───── Data provided ─────

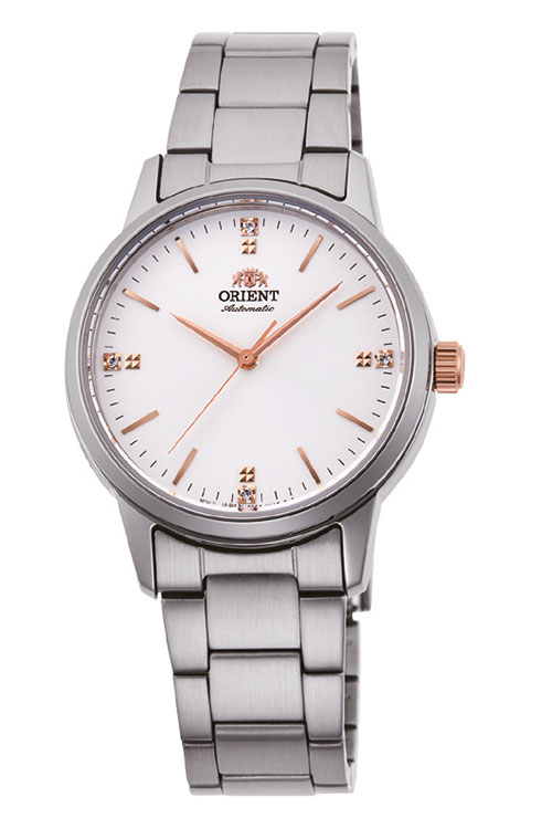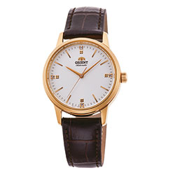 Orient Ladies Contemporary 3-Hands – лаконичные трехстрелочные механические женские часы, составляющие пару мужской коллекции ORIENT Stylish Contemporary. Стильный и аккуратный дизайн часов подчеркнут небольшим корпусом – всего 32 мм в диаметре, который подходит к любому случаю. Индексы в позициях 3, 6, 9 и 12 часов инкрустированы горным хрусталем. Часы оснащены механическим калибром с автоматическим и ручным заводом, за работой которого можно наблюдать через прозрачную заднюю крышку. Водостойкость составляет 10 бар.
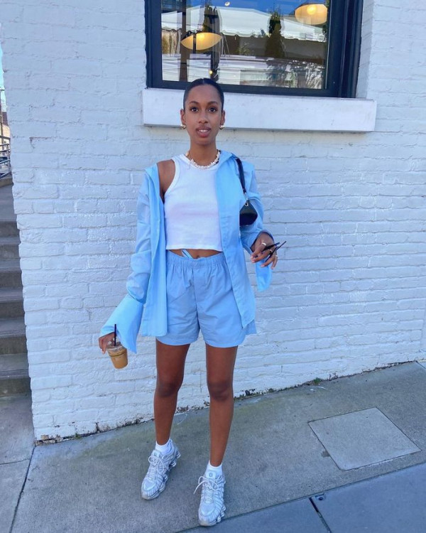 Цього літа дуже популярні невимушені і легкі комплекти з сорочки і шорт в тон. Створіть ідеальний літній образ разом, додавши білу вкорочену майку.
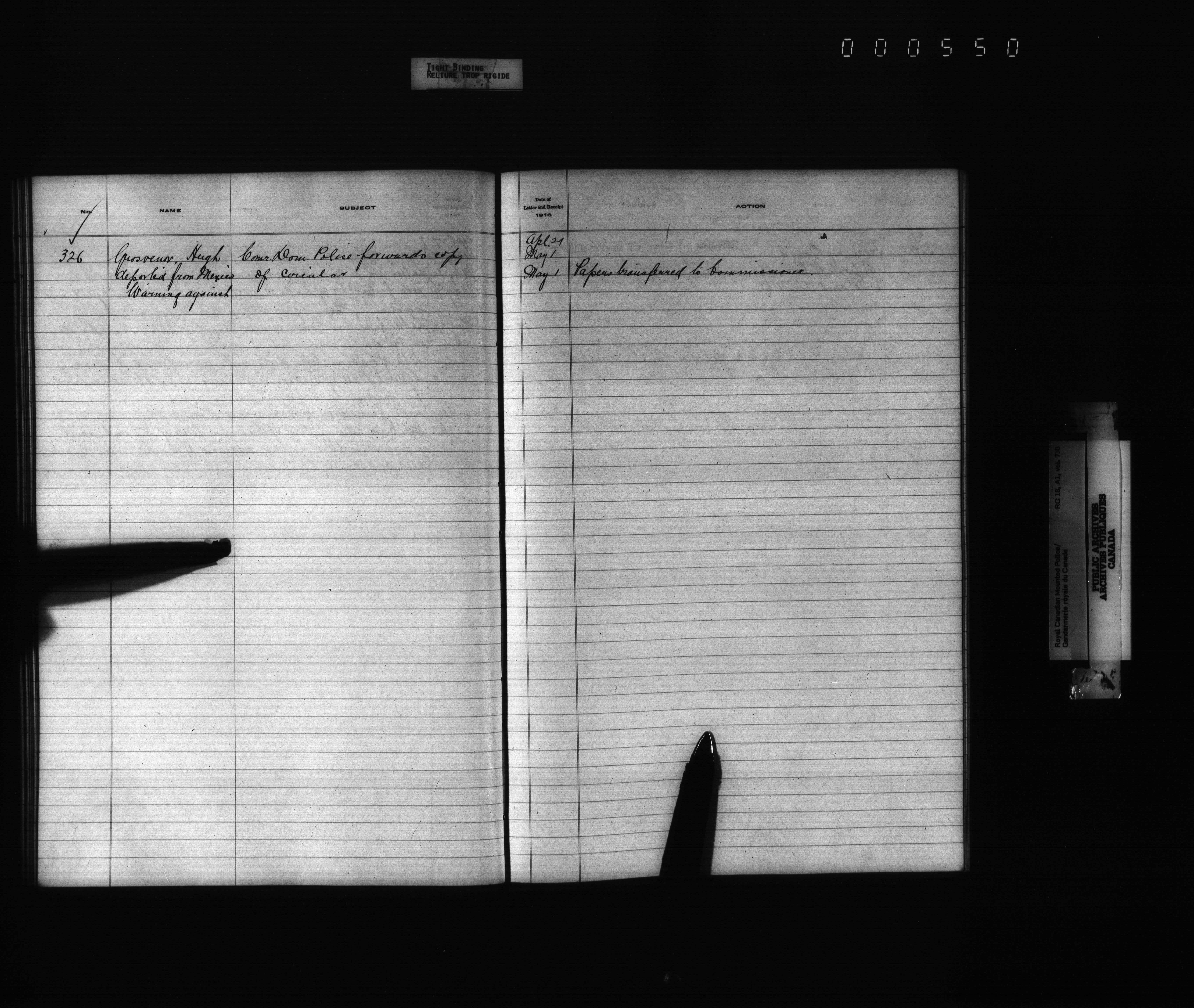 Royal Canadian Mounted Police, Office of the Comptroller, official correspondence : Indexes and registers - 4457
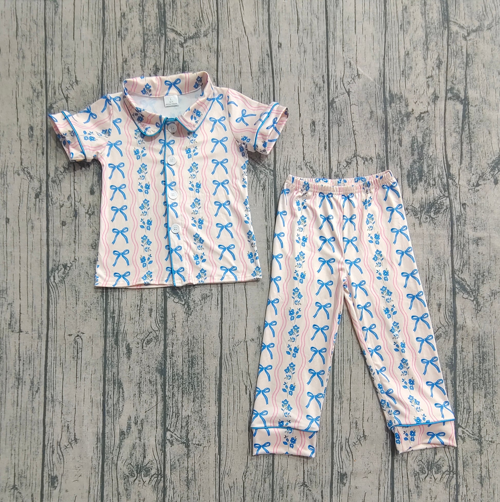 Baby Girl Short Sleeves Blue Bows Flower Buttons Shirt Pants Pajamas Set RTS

─────

### Work order
Pictures stay out of the answer; the rest of the listing above is returned exactly.

### Exercise result
 Orient Ladies Contemporary 3-Hands – лаконичные трехстрелочные механические женские часы, составляющие пару мужской коллекции ORIENT Stylish Contemporary. Стильный и аккуратный дизайн часов подчеркнут небольшим корпусом – всего 32 мм в диаметре, который подходит к любому случаю. Индексы в позициях 3, 6, 9 и 12 часов инкрустированы горным хрусталем. Часы оснащены механическим калибром с автоматическим и ручным заводом, за работой которого можно наблюдать через прозрачную заднюю крышку. Водостойкость составляет 10 бар.
 Цього літа дуже популярні невимушені і легкі комплекти з сорочки і шорт в тон. Створіть ідеальний літній образ разом, додавши білу вкорочену майку.
 Royal Canadian Mounted Police, Office of the Comptroller, official correspondence : Indexes and registers - 4457
 Baby Girl Short Sleeves Blue Bows Flower Buttons Shirt Pants Pajamas Set RTS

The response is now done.